Они шли обнявшись, потом в каком-то дворе поцеловались, потом еще немного побродили, а потом оказалось, что они стоят в просторном парадном, тесно обнявшись, прижимаясь друг к другу ногами, и впалыми животами, и руками, липкими от той малости крови, которая успела вылиться через маленький разрез поперек вены.
Они поднялись на последний этаж того самого дома «модерн», который Таня заметила в начале своего ольховского путешествия. Свет горел на четвертом, дальше была загадочная тьма. Там, пролетом выше последнего этажа, возле запертого на висячий замок выхода на чердак, было небольшое полукруглое окно с плавными переплетами, от которого шел загадочный, расчерченный изогнутыми тенями, свет. Они еще немного поцеловались, стоя у широкого подоконника. А потом она села на подоконник и проделала все то, чего хотел от нее Гансовский.
«А лесенку-то Гансовский специально для этого дела заказывал»,— догадалась Таня, когда мальчишка потянул ее на себя.

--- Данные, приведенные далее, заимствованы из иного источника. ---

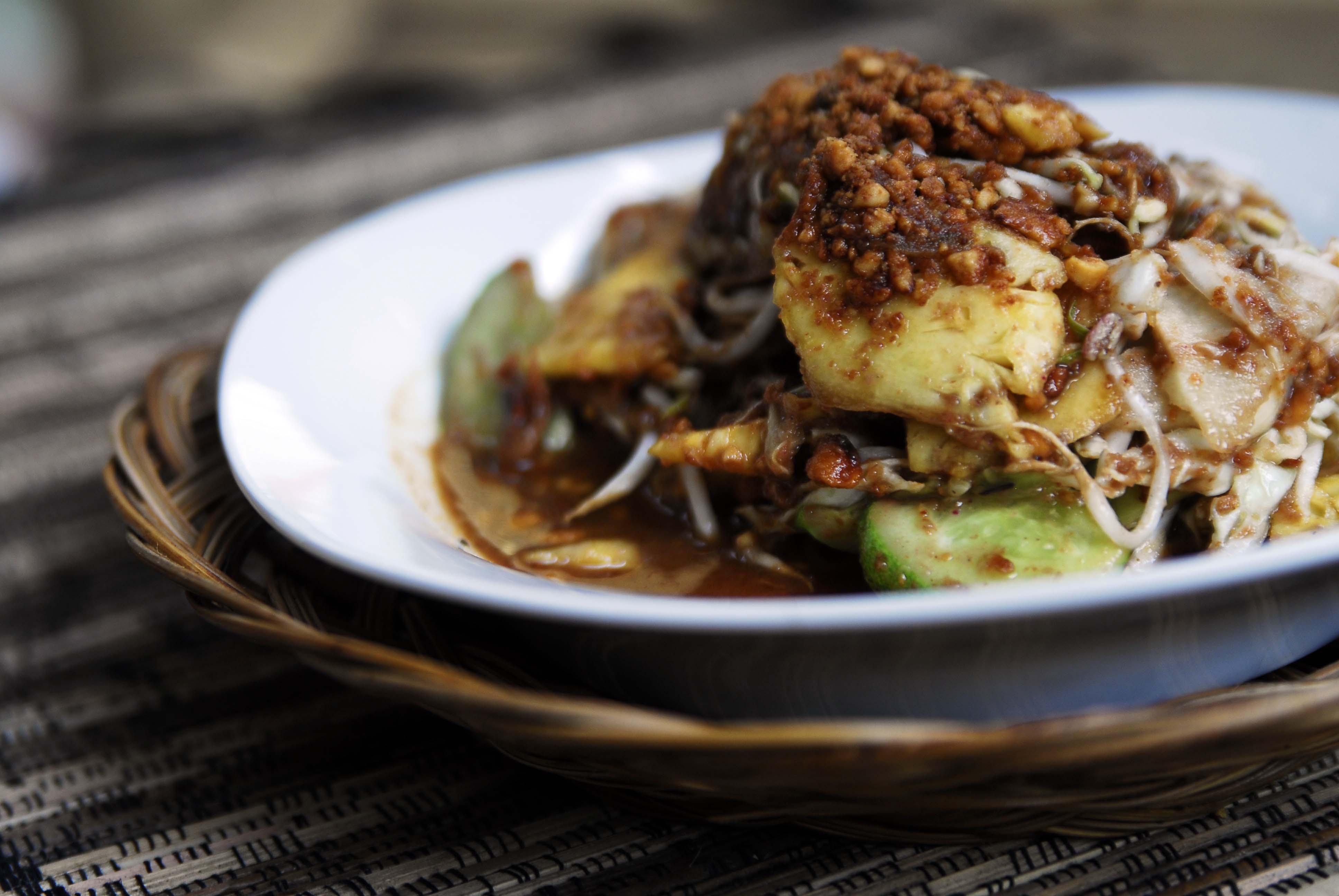 This Sundanese salad is generally always available alongside karedok as they’re dressed with the same saus bumbu bumbu (sate sauce) and made with the same method, but unlike karedok its ingredients, green beans, cabbage, bean sprouts and lemon basil, are steamed, not raw. After discovering lotek I knew I’d probably never go back to gado gado as lotek is similar but not as stodgy.

Без всякого волнения и вдохновения она рассталась с бессмысленной девственностью, не придавая этому ровно никакого значения. Мальчик принял этот дар нежданный с полным недоумением:
— Ты что, целка? Первая у меня. А у меня знаешь, сколько баб было?
Таня засмеялась дворовому слову, покачала свою перевязанную руку и сказала:
— Какой у меня сегодня день кровавый… Да и у тебя… Потом он сел с ней рядом на подоконник. Подоконник, хоть и был широкий, но слишком короток, чтобы лечь.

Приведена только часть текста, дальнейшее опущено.